Call this set $\beta_V$. So $\beta_V = \{u_1,...,u_k,v_1,...v_{n-k}\}$. We claim that $\beta_V$ is a basis for $V$. How do we know this? We know that it spans $V$ by the replacement theorem above. Moreover, it has $k+n-k = n$ elements which is the dimension of $V$. To see that the vectors are linearly independent, suppose that they’re not. Since $\beta_V$ generates $V$, then by the refinement theorem, we can take away an element and still have a span that generates $V$. But then if we do take an element out, this means that we’ll have $n-1$ elements in $\beta_V$. This is a contradiction since we need at least $n$ elements to span $V$. (TODO: What result did we use here exactly?)

(Note: so now we need to relate this to the dimension of the range)
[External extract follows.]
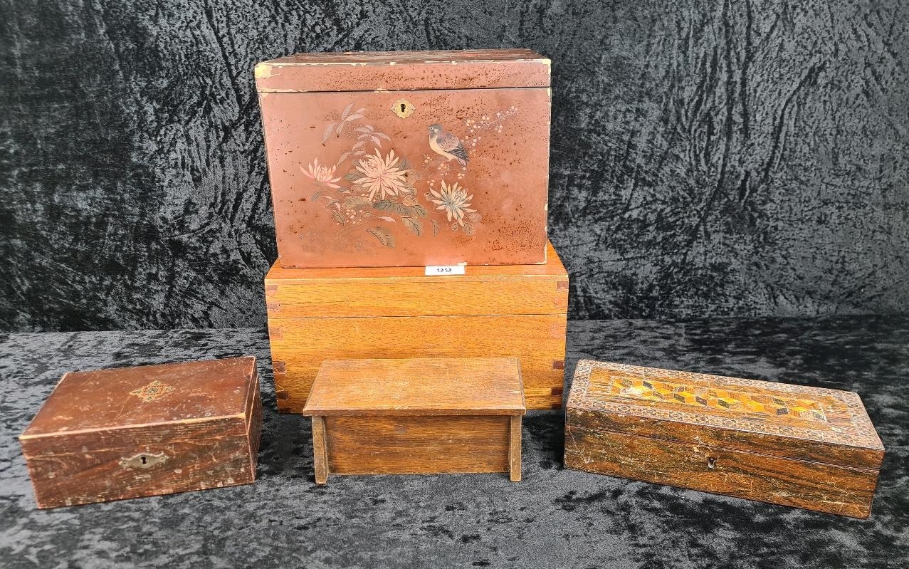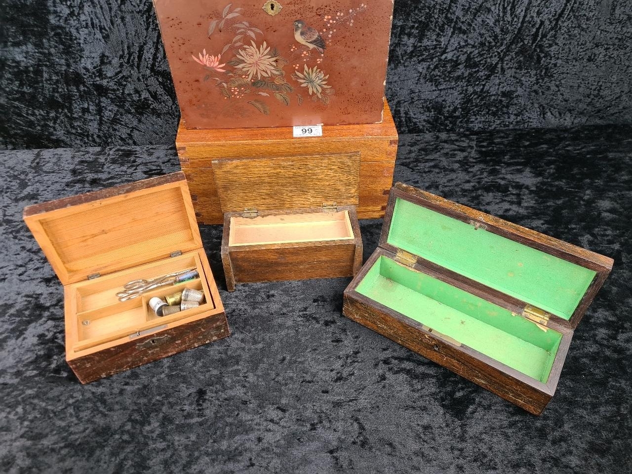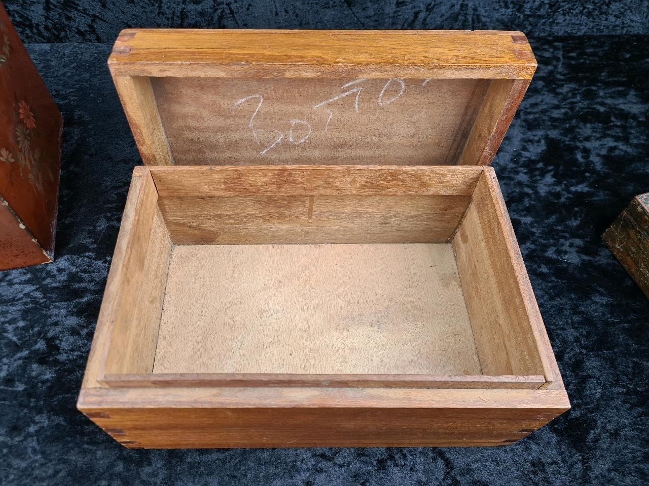 Five vintage wooden boxes - useful for a variety of purposes. Largest approx H15 x W30 X D20cm.

Claim 2: we claim that $\{T(v_1),...,T(v_{n-k})\}$ is a basis for $R(T)$. If we prove this, then we’ll be done since,

$$ \begin{align*} \dim(N(T)) + \dim(R(T)) &= k + (n-k) \\ &= n \\ &= \dim(V). \end{align*} $$

So now we need to prove that $\{T(v_1),...,T(v_{n-k})\}$ is a basis. To do so, we need to prove that it generates $R(T)$ and so $Span(\{T(v_1),...,T(v_{n-k})\}) = R(T)$. Additionally, we need to prove that the vectors are linearly independent. To see that it generates $(R)$, we know that $R(T) = \{T(v) \ | \ v \in V\}$. Furthermore, we know that any vector $v \in V$ an be written as a linear combinations in terms of the elements in $\beta_V$ and we know that $T$ is linear. So now we can re-write the definition as,

$$ \begin{align*} R(T) &= \{T(v) \ | \ v \in V\} \\ &= \{T(a_1u_1 + ... + a_ku_k + b_1v_1 + ... + b_{n-k}v_{n-k}) \ | \ a_1,...,a_k \in \mathbf{R}, b_1,...b_{n-k}\in \mathbf{R} \}. \\ &= \{a_1T(u_1) + ... + a_kT(u_k) + b_1T(v_1) + ... + b_{n-k}T(v_{n-k}) \} \\ &= \{b_1T(v_1) + ... + b_{n-k}T(v_{n-k})\} \quad \text{because $u_1,...u_k$ are in the null space ($T(u_i)=0_W$)} \\ &= Span(\{T(v_1),...,T(v_{n-k})\}). \end{align*} $$

Next, to see that the set is linearly independent, we need to prove that the following equation

$$ \begin{align*} a_1T(v_1) + ... + a_{n-k}T(v_{n-k}) = \bar{0}_W. \end{align*} $$

implies that $a_1 = 0, ..., a_{n-k} = 0$. To see this, we’ll use the linearity of $T$ where the image of a linear combination is the same as the linear combination of the images to get,

$$ \begin{align*} a_1T(v_1) + ... + a_{n-k}T(v_{n-k}) &= \bar{0}_W \\ aT(a_1v_1 + ... + a_{n-k}v_{n-k}) &= \bar{0}_W \end{align*} $$

This equation if it holds, it tells us that $a_1v_1 + ... + a_{n-k}v_{n-k}$ is in the null space $N(T)$ by definition since it’s image is the zero vector. But we have a basis for the null space which is $\beta_N$. So now this linear combination must also be in the span of $\beta_N$. In other words

$$ \begin{align*} \{a_1v_1 + ... + a_{n-k}v_{n-k}\} &\in Span(\beta_N) \\ &\in Span(\{u_1,...,u_k\}) \end{align*} $$

We claim that this must imply that $a_1 = 0, ..., a_{n-k} = 0$. Why? Suppose not, then the linear combination $a_1v_1 + ... + a_{n-k}v_{n-k}$ would be a linear combination of the elements $u_1,...,u_k$ and so we can write

$$ \begin{align*} a_1v_1 + ... + a_{n-k}v_{n-k} &= b_1u_1 + ... + b_ku_k \\ a_1v_1 + ... + a_{n-k}v_{n-k} - b_1u_1 + ... + b_ku_k &= 0 \end{align*} $$

From the above we see that now we have a linear combination of all the $v$ vectors and all the $u$ vectors equal to the zero vector. But all the $u$ and $v$ vectors $\{u_1,...,u_k,v_1,...,v_{n-k}\}$ are part of the basis $\beta_V$ by construction. So any linear combination of these vectors equaling the zero vector must imply that the coefficients are zero because otherwise they are linearly dependent and this is a contradiction. $\blacksquare$.

Definition

$T: V \rightarrow W$ is onto if $R(T) = W$ or $$ \begin{align*} \forall w \in W, \exists v \in V \ \text{s.t.} \ T(v) = w. \end{align*} $$

Definition

$T: V \rightarrow W$ is 1-1 if $$ \begin{align*} T(v_1) = T(v_2) \Rightarrow v_1 = v_2. \end{align*} $$

Theorem

If $T: V \rightarrow W$ is linear, then $T$ is 1-1 if and only if $N(T)=\{\bar{0}_V\}$

Theorem

Let $T: V \rightarrow W$ be a linear map between vector spaces of the same finite dimension. Then the following are equivalent

$T$ is 1-1.
$T$ is onto.
$rank(T) = \dim(V)$.

Note here that $rank(T) = \dim(R(T))$.

References

Video Lectures from Math416 by Ely Kerman.